Flexible & Accurate: Filters

Use a texel filter either on the texture on the CPU side, or if you are using programmable pipeline OpenGL, directly in the fragment shader.

The idea of a filter is simply that you run through a 2D loop to process every texel. If it is white, then you run through an inner 2D loop for each of its surrounding pixels in some radius, and adapt accordingly. This is also known as a box filter, though if you include the radius check, it is really a circular filter -- which avoids axis-al artifacting.

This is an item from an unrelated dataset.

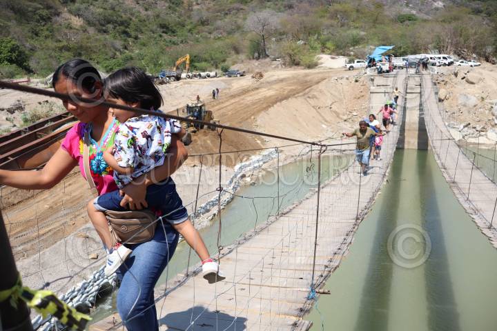 OMITLAN, GUERRERO, 28FEBRERO2025.- De acuerdo con la Secretaría de Infraestructura, Comunicaciones y Transportes (SICT) el paso provisional del puente Omitlán estaría terminado este viernes 28 de febrero. Sin embargo, los trabajos para este paso llevan el retraso de aproximadamente una semana, en la zona de trabajo se observa que únicamente dos máquinas se encuentran trabajando en la construcción de este paso, el cual, según los habitantes, todavía le falta aproximadamente una semana para ser concluido y con las próximas lluvias, puede ser derribado de inmediato. Días después del paso del huracán "John", los pobladores instalaron unas puentes colgantes, los cuales utilizan para trasladarse de Tierra Colorada a Cruz Grande y Ayutla de los Libres y con el paso del tiempo se convirtió en un punto de comercio para los pobladores. Diariamente este puente es utilizado por niños, jóvenes y adultos mayores, para trasladarse a sus lugares de origen, quienes tienen que arriesgar incluso su integridad física, para poder llegar al otro extremo y tomar una unidad de transporte público que los lleve a su destino. FOTO: DASSAEV TÉLLEZ ADAME/CUARTOSCURO.COM
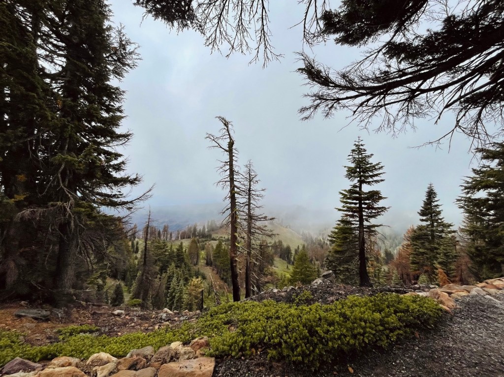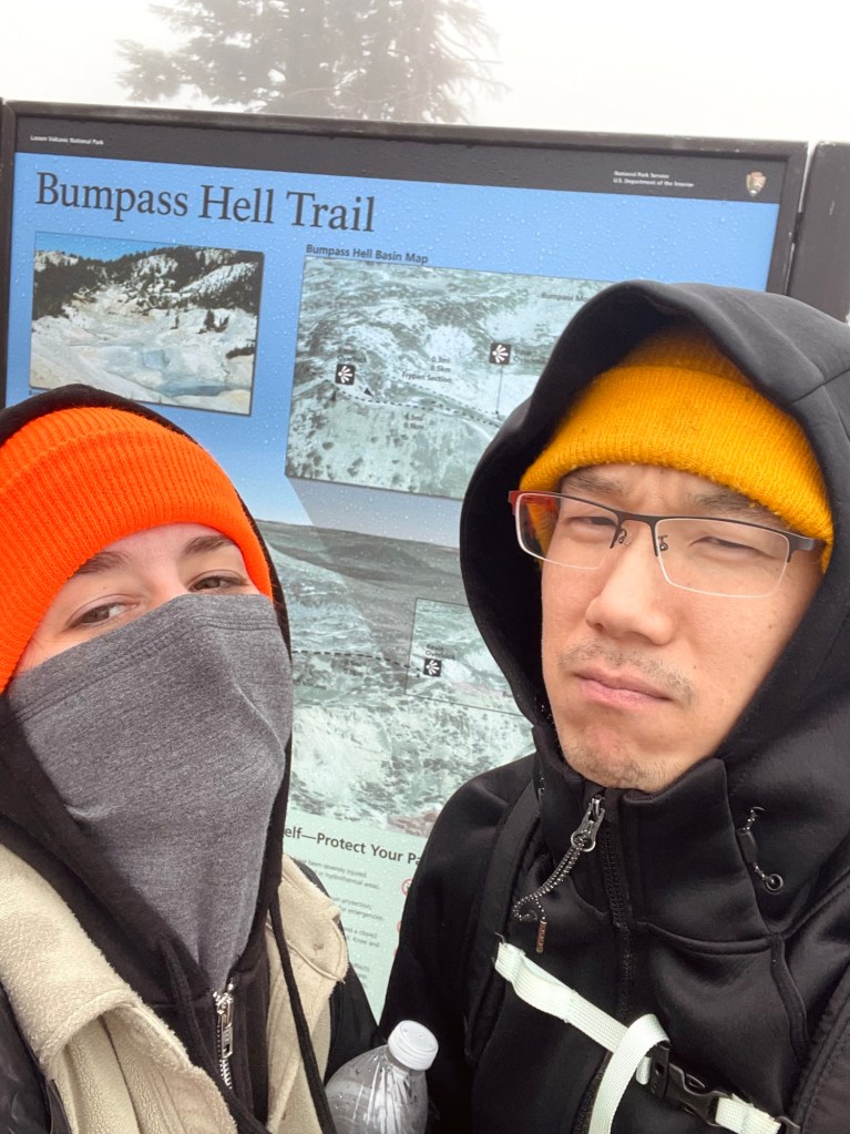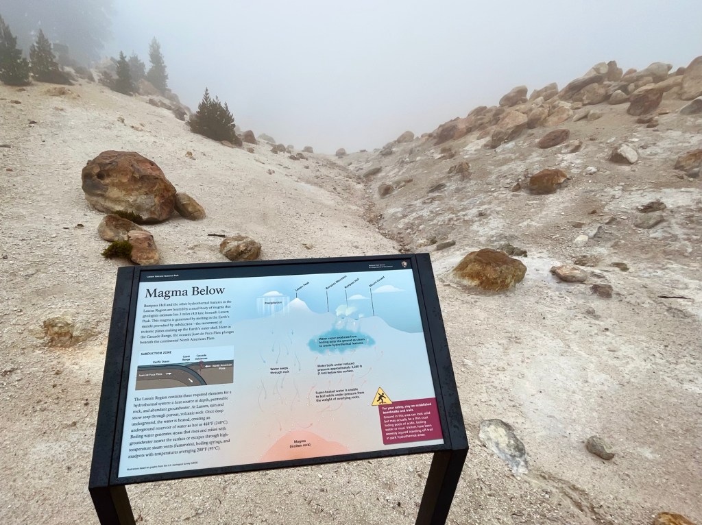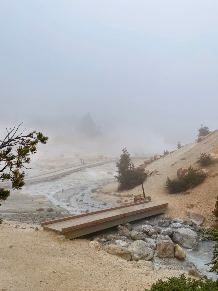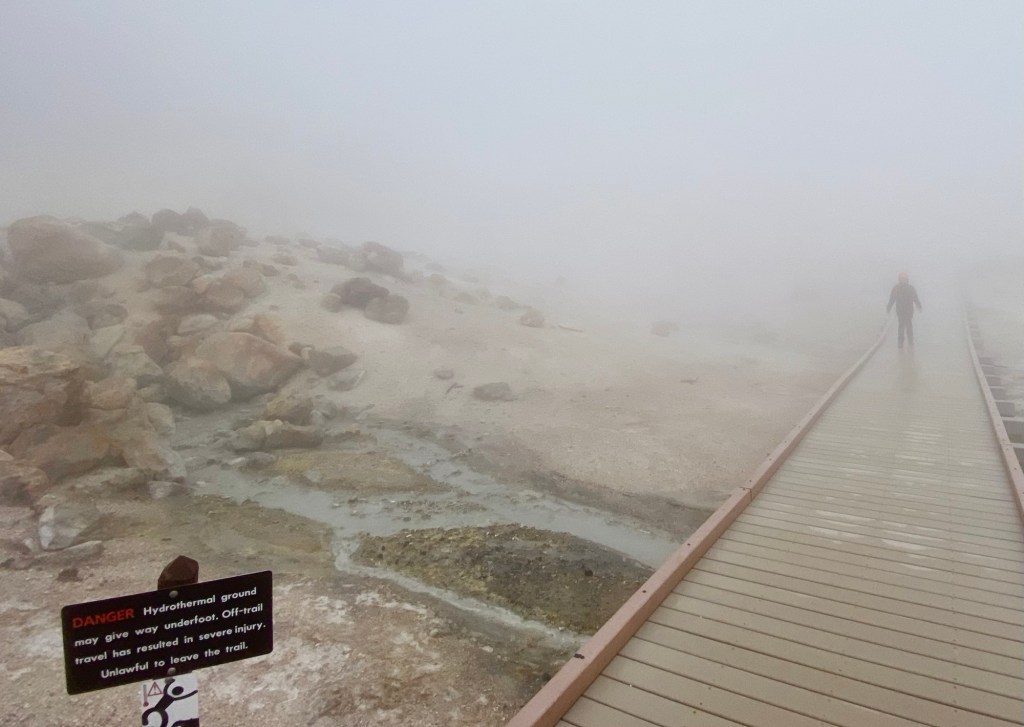We started the trail to Bumpass Hell and were surrounded by fog on all sides and had no idea what the view actually looked like. In hindsight, we probably went faster because of this since we weren’t stopping to ooh and aah about how beautiful it was.

A faster way to do this is to precalculate the set of offsets from each central pixel that you check; this way, you needn't run a square root for every pixel surrounding a given pixel. You want to keep complexity down to `O(texWidth*texHeight) rather than O(texWidth*texHeight*filterRadius*filterRadius), in other words.

Easy: Multiple renders

Another way to achieve the effect would be not to scale the text, but instead to render your red outline at each of eight (or more) directions, each slightly offset from the original in that direction:

 \|/
--+--
 /|\

By offsetting each of the red versions like this, you would get a fairly uniform outer edge around your original text. Bear in mind that when shifting diagonally, you should use the same vector magnitude as when you shift horizontally or vertically, rather than simply offsetting by the same x and y values (which leads to a approximatlely 1.4x further length -- basic trig).

FYI

This sort of effect is known as dilation, and is sometimes performed via Minkowski Summation, which is the vector-based (continuous) approach to the pixel-based (quantised) box filter I described above.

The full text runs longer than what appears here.